Forrester published its latest “wave” for Big Data Predictive Analytics Solutions, an inaptly named report that lumps together solutions that can work with Big Data and those that cannot.  I’ll write a more detailed summary later this week.  Quick takes:  Alteryx, Oracle and RapidMiner did well, but Alpine and Microsoft clearly need to shift some of their analyst relations spending from Gartner to Forrester.

Apache Drill

Apache Drill announces Release 0.8.

Apache Spark

Analysis

In opensource.com, Jen Wike Hugar interviews key Spark contributor Reynold Xin.

Mike Vizard, in the aptly named Talkin’ Cloud, describes the high potential for Spark in the cloud.  (Though he does not mention it, more than half of respondents to a recent Typesafe survey of Spark users said they deploy it in the cloud.)

Matei Zaharia, creator of Spark and CTO of Databricks, held an Ask Me Anything last week on Reddit.  Key takeaways: no, Matei is not a musician, and yes, he likes Nutella. 

Spark has clearly reached a point of inflection when skeptical analysis emerges.  Criticism is healthy, of course, but what the skeptics all seem to share is an ignorance of machine learning and streaming applications, and the challenge of making those applications work well in MapReduce.  In other words, they all seem to misunderstand the purpose of Spark, and would do well to learn more about the platform before quibbling on the margins.

  • Professional cat herder Andrew Oliver compares Spark to Tableau and, shockingly, finds it wanting.  Also, Andrew heard people say unflattering things about Hadoop at Spark Summit East.  Who knew that Hadoop devotees are so sensitive?
  • In DataMill, Nicole Leskowski asks if Apache Spark is the next big thing in Big Data Analytics, a question that would have been timely last year.
  • In TechTarget, Jack Vaughan wonders whether Spark is just a shiny new object, while ruminating about Digital Equipment and the PDP-11.  His point will be lost on most readers.
  • Returning to ZDNet from GigaOm, Andrew Brust asks if Spark is overhyped, citing unnamed second-hand sources that tell him Spark is “not ready for prime time.”   Note to Andrew: you can download the software here.

Spark Core

Matei Zaharia celebrates Spark’s fifth birthday with a brief history.

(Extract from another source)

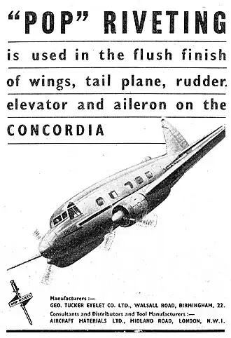 The Concordia was 12-seat medium range transport aircraft. A separate luggage compartment could accommodate 45 lbs of luggage per passenger. Designed by W. Garrow-Fisher and built at Eastleigh, Hampshire in 1947. The prototype aircraft Y-0222 was first flown at Eastleigh on 19 May 1947. A second aircraft G-AKBE was displayed at the 1947 SBAC Show at Radlett and made an extensive European sales tour.

On the Cloudera blog, Sandy Ryza concludes his series on tuning Spark jobs.

Spark Streaming

On the Databricks blog. Cody Koeninger, Davies Liu and Tathagata Das describe the new direct Kakfa API available in Spark 1.3

Databricks

Databricks announced that Timeful, a startup specializing in intelligent time management, has deployed its recommendation engine in Databricks Cloud.  Case study available here.

Hadoop Ecosystem

In Datanami, Hadoop skeptic Alex Woodie asks if Hadoop needs a reality check, observing that the leading Hadoop distributors do not make money, a trait shared by most industries at comparable points of maturity.  Woodie cites Wikibon’s Big Data revenue summary as evidence that there is little money in Hadoop, without considering the validity of Wikibon’s data (which is self-reported by the vendors and lacks consistent definitions).  Even if we accept the Wikibon data at face value, Woodie also fails to note that startup Palantir (which is totally into Hadoop) now reports more Big Data revenue than industry leader SAS.  Another unanswered question: if Hadoop is so inconsequential, why has Teradata lost half its market value since 2012?

IBM

IBM announces BigInsights 4.0 just nine months after releasing BigInsights 3.0.  BigInsights includes the usual Hadoop bits, plus:

  • BigSQL, a federation engine for SQL across relational databases and Hadoop
  • Big Sheets, a Datameer-like spreadsheet-on-Hadoop tool
  • SystemML, a home-grown machine learning library that runs in MapReduce
  • Text analytics capability
  • Big R, an interface that can push embarrassingly parallel R processing into Hadoop

Streaming and Real-Time Processing

On the O’Reilly Radar blog, Ben Lorica describes platforms and applications for processing data streams.